Chapter 10, Problem 32E

In lab you need to prepare at least 100 mL of each of the following solutions. Explain how you would proceed using the given information.

a. 2.0 m KCl in water (density of H₂O = 1.00 g/cm³)

b. 15% NaOH by mass in water (d = 1.00 g/cm³)

c. 25% NaOH by mass in CH₃OH (d = 0.79 g/cm³)

d. 0.10 mole fraction of C₆H₁₂O₆ in water (d = 1.00 g/cm³)

Interpretation Introduction

Interpretation:

The preparation of $\text{100 mL}$ of $2.0m\text{KCl}$ in water has to be explained.

Concept introduction:

Molality:

The gram moles of solute dissolve in kilo gram of solvent is called molality of solution.

  $\text{Molality }\left(\text{g}\right)\frac{\text{moles}\text{of}\text{solute}\text{g}}{\text{kg}\text{of}\text{solvent}}(1)$

Answer to Problem 32E

$\text{15}\text{g}$ of $\text{KCl}$ dissolved in $\text{100 mL}$ of water to prepare a $\text{100 mL}$ of 2.0 $\text{m}\text{KCl}$ solution.

Explanation of Solution

To calculate the mass of $\text{KCl}$ to prepare the 100mL 2.0 $\text{m}\text{KCl}$ solution.

Given:

Molality of $\text{KCl}$ solution = $\text{2}\text{.0}\text{m}$.

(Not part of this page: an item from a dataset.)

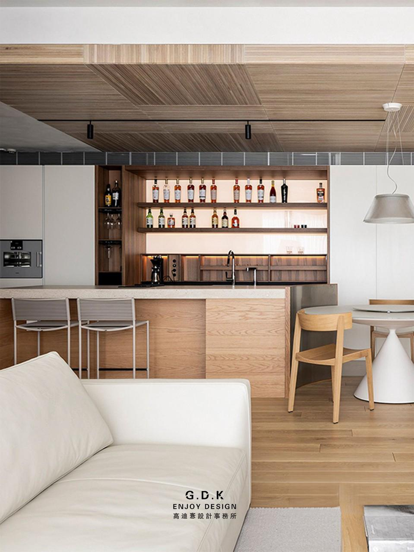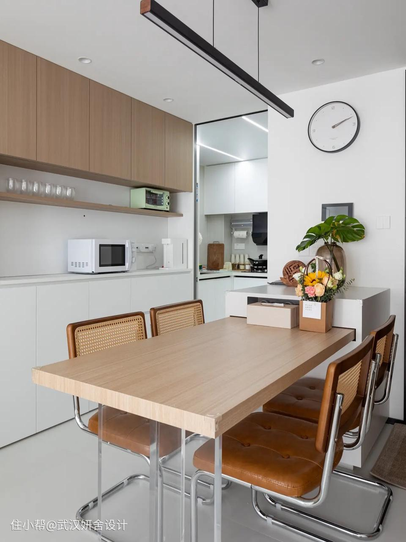 木质岛台和木地板搭配,非常适合温馨的原木、日式、田园等风格,木质元素可以作为局部使用,运用在台面、餐桌、或者柜体, 组合拼接的方式非常耐看。但时间长了容易开裂长霉,不易清洁。

  $\begin{array}{l}\text{=}\text{0}\text{.100}\text{kg}\text{water×}\frac{\text{2}\text{.0}\text{mol}\text{KCl}}{\text{kg}}\text{×}\frac{\text{74}\text{.55}\text{g}}{\text{1}\text{mol}}\\ \text{=}\text{15}\text{g}\text{KCl}\end{array}$

• The given water density $\text{1}\text{mL}\text{equal}\text{to}\text{1}\text{g}$ so the weight of water and mole of $\text{KCl}$ and molecular weight of $\text{KCl}$ are plugging in above equation to give a mass of $\text{KCl}$ to prepare a $\text{100 mL}$ 2.0 $\text{m}\text{KCl}$ solution.
• The required mass of $\text{KCl}$ to prepare a 100mL 2.0 $\text{m}\text{KCl}$ solution is $\text{15}\text{g}$.
• Take a volumetric flask and drop sum water and add $\text{15}\text{g}$ of $\text{KCl}$ and make up to $\text{100 mL}$.

Interpretation Introduction

Interpretation:

The preparation of $\text{100 mL}$ of $\text{15}\text{\%}\text{NaOH}$ by mass in water has to be explained.

Concept introduction:

Mass percent:

The relation of gram of solute to gram of solution times 100% is called mass percent.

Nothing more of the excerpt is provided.